Rusya-Ukrayna Savaşı: Önemli Gelişmeler
Güneyde. Kremlin, güneydeki işgal altındaki topraklardaki hakimiyetini derinleştirmeye, demiryolu bağlantılarını ve diğer önemli altyapıyı restore etmeye çalışıyor. Ancak Ukraynalı siviller ve eski askerlerden oluşan yeni bir isyanın saldırıları ve Mariupol’da olası bir sağlık krizinin ortasında Moskova’nın güney bölgelerini yönetmek için mücadele ettiğine dair bazı işaretler var.
Silahlarda kısa devre. Ukrayna, birliklerinin silahları fena halde zayıflarken, Batı’nın ağır silahların teslimatını hızlandırması için umutsuzca yalvarıyor. Bu arada Rus kuvvetlerinin hassas füzeleri azalıyor gibi görünüyor. İngiltere Savunma Bakanlığı’na göre, bu eksiklik Rusları daha az hassas ancak yine de büyük hasara yol açabilecek diğer verimsiz silah sistemlerine başvurmaya yöneltti.
Ukrayna için AB üyeliği. Avrupa Birliği, Ukrayna’nın 27 üyeli bloğuna katılmak için aday olma başvurusunu değerlendiriyor. Haziran sonunda çıkması beklenen karar, Ukrayna, Moldova ve Gürcistan gibi savunmasız ülkeleri güvenlik riski oluşturmadan Avrupa’ya bağlamanın yollarını bulmaya çalışırken AB’yi test edecek.
Savaş esirleri. Rus müfettişler, Ukrayna hükümeti tarafından işlenen “barışa karşı suçlar” için 1100’den fazla dava açtıklarını ve yüzlerce Ukraynalı askerin toplu olarak yargılanacağı davanın yolunu açtıklarını söylediler. Bu arada Ukrayna silahlı kuvvetleri için savaşan iki İngiliz ve bir Faslı, paralı asker olmakla suçlandıktan sonra Rusya işgali altındaki Ukrayna’nın doğusunda bir mahkeme tarafından ölüme mahkum edildi.
Enflasyonun Amerika Birleşik Devletleri ve İngiltere’de kırk yıldır görülmeyen seviyelere ulaşması, finansal piyasaların düşmesi, faiz oranlarının yükselmesi ve gıda kıtlığı ile Uzun bir savaştan daha acil iç kaygılara doğru böyle bir odak kayması kaçınılmaz olabilir. Tüm bu gelişmelerin sorumlusu savaş değil, ancak çoğunu daha da kötüleştiriyor – ve görünürde bir son yok.

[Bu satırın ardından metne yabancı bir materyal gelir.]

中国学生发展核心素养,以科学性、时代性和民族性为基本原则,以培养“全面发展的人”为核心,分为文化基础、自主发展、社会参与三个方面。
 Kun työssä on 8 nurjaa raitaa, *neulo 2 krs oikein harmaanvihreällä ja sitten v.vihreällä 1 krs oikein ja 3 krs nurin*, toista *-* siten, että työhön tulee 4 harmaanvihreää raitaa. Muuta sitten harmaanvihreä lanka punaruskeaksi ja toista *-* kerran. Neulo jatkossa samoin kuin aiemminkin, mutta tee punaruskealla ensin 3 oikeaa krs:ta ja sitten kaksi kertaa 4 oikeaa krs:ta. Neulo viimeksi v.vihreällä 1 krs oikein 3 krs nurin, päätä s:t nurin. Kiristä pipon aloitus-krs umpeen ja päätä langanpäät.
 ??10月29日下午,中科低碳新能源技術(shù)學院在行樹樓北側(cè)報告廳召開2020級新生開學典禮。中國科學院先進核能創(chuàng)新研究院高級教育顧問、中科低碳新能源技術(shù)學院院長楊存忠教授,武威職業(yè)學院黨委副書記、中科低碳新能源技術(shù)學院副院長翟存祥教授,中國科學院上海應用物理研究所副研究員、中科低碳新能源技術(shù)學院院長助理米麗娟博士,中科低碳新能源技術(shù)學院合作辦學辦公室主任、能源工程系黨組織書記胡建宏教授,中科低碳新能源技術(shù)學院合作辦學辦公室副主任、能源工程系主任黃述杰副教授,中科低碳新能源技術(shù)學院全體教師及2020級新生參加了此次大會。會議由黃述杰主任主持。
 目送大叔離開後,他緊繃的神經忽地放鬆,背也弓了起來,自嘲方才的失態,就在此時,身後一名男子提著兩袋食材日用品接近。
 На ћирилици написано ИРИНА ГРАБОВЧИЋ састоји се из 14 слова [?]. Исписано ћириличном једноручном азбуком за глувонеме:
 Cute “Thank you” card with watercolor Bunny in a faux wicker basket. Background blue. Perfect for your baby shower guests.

Birçok ekonomist tarafından makul olarak görülen yüksek enflasyon ve durgunluğun bir bileşimi, ilk petrol şokunun küresel ekonomiyi harap ettiği 1970’leri hatırlatacaktır. Amerika Birleşik Devletleri’nde ara seçimlere yalnızca aylar kala, Başkan Biden ve Demokratlar, 5 galonluk benzin ve neredeyse çift haneli enflasyon konuşmalarının hakim olduğu bir kampanya sezonunu kaldıramazlar.
Yine de uzun bir savaşın içeriği yeterince açık. Rusya’nın toprak uzlaşmasına hazır olduğuna dair bir işaret yok. Aynı zamanda, Ukrayna direnişi, herhangi bir resmi toprak ayrılmasını neredeyse hayal bile edilemeyecek kadar güçlü hale getiriyor. Sonuç, Bay Putin’in Rus kuvvetlerinin Ukrayna’nın başkenti Kiev’e sıcak bir karşılama için gireceğine dair başlangıçtaki belirgin inancından çok farklı bir çıkmaz.

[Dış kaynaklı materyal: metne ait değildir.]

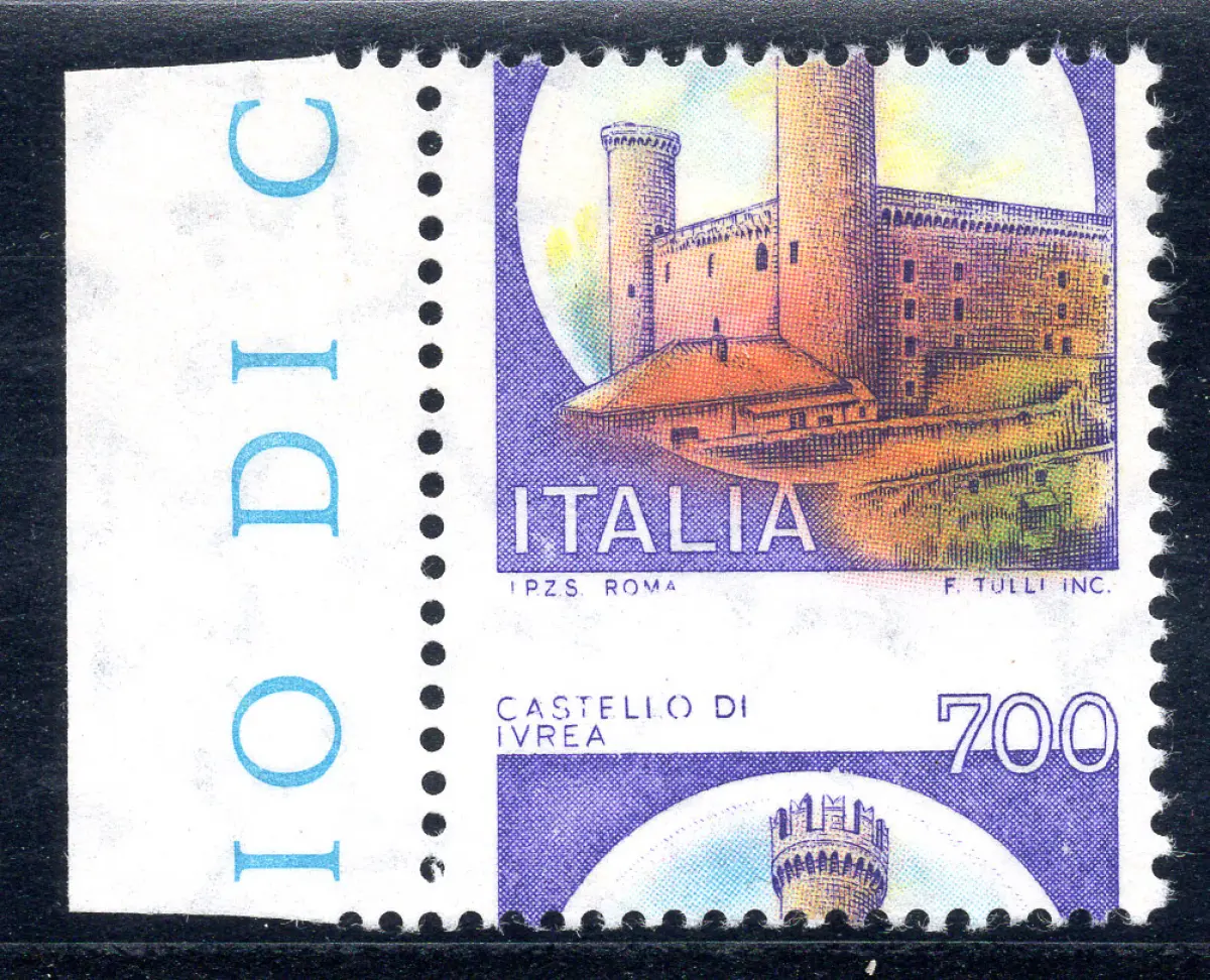 Castelli Lire 700 Sorte verschobene Verzahnung Vollgummi - Castelli Lire 700 Nr. 1524 stark verschobene horizontale Verzahnung 700 nach unten - Seltene Sorten dieses Wertes Cod. 817/13
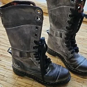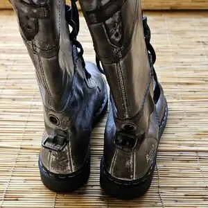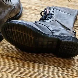 Rugged and stylish combat boots. Distressed gray leather. Lace-up design with sturdy sole.
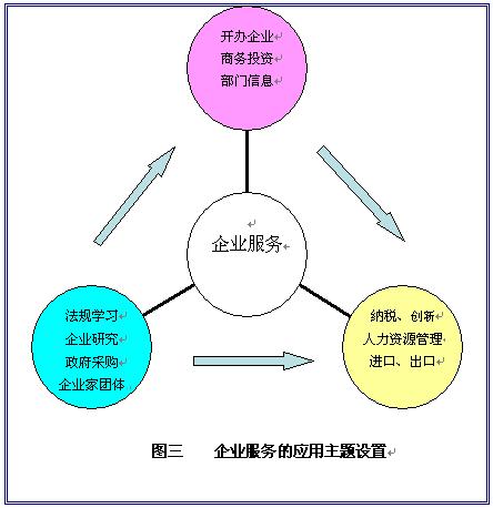 具体各主题下,服务内容大致包括:对该主题在线服务的介绍、该主题业务的基础知识、政府为该业务提供的服务、业务引导等几个部分。如图三所示,通过这种设置,本栏目为用户构建了一套围绕企业经营运作相对完整的服务体系。同时它还就政府采购、企业团体协会等进行介绍,促进政府与企业间业务上的互动。
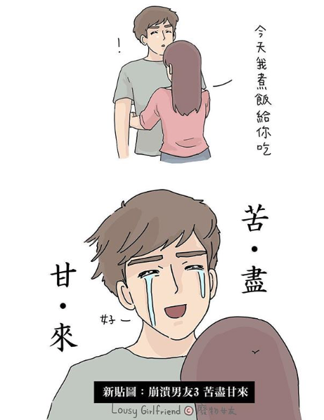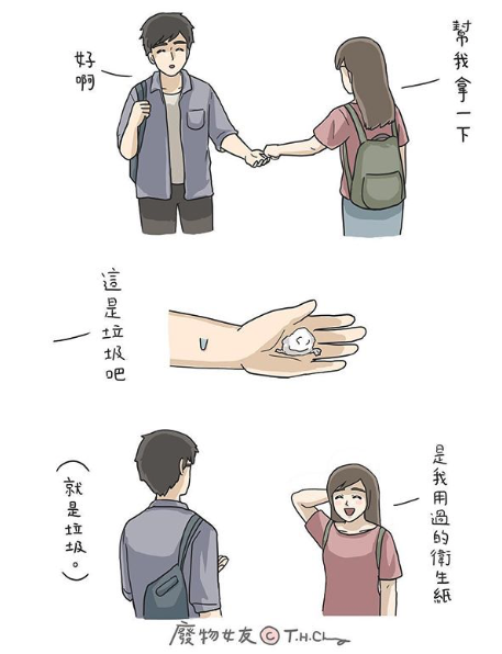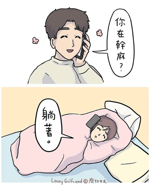 有人話情侶相處耐了,惰性同真脾氣就會現形~其實能夠喺愛人面前,無所顧禁忌做真實嘅自己,諗落都係一件好幸福嘅事~喺外面工作累了,回到家就可以做回自己,跟他自然地相處~台灣插畫家tina開咗一個名叫「廢物女友」嘅ig,記錄咗同男朋友之間日常生活瑣碎事,睇完或者你會覺得—「女人啊~就係咁古靈精怪卻教人不得不愛!」以下10幅插圖,有令你諗起你跟他平淡又幸福,令到佢覺得「無你符」嘅日常生活嗎?

Savaşın bazı kökleri, Ukrayna’nın 27 ulustan oluşan Avrupa Birliği’ne yaklaşma ve Moskova’dan uzaklaşma yönündeki stratejik kararında yatmaktadır. Bay Putin, şimdi Ukrayna’da Rusya’nın askeri yöntemleriyle acımasız bir yüzleşmeyle pekiştirilen bu değişime dayanamadı.
Avrupa Komisyonu başkanı Ursula von der Leyen, Cumartesi günü Kiev’de Bay Zelensky ile bir destek gösterisi için bir araya geldi. Avrupa Birliği, 23 ve 24 Haziran’da yapılacak bir zirve toplantısında Ukrayna’ya resmi AB üyeliği adayı statüsü vermeyi düşünüyor. Paris’te, bu toplantının ardından Başkan Emmanuel Macron’un Ukrayna’ya olası bir ziyareti konuşuldu.
Ukrayna’da ve ötesinde, savaşın başladığı Şubat ayından bu yana Bay Putin ile düzenli olarak konuşan Bay Macron, Ukrayna’da ve diğer ülkelerde ısrar ettiği için şiddetle eleştirildi. diplomatik kanalları açık tutmak için Rusya’nın “aşağılanmasından” kaçınmamız gerekiyor. Bir Fransız cumhurbaşkanlığı yetkilisi Cumartesi günü bunu geri aldı ve şöyle dedi: “Ukrayna zaferi istiyoruz. Ukrayna’nın toprak bütünlüğünün yeniden sağlanmasını istiyoruz” dedi.
Kiev yakınlarındaki Bucha ve Mariupol’daki Rus katliamından sonra, başarılı diplomasi şansı her zamankinden daha uzak görünüyor. Hatta “zafer” teriminin her iki taraf için de ne anlama geldiği belirsizdir.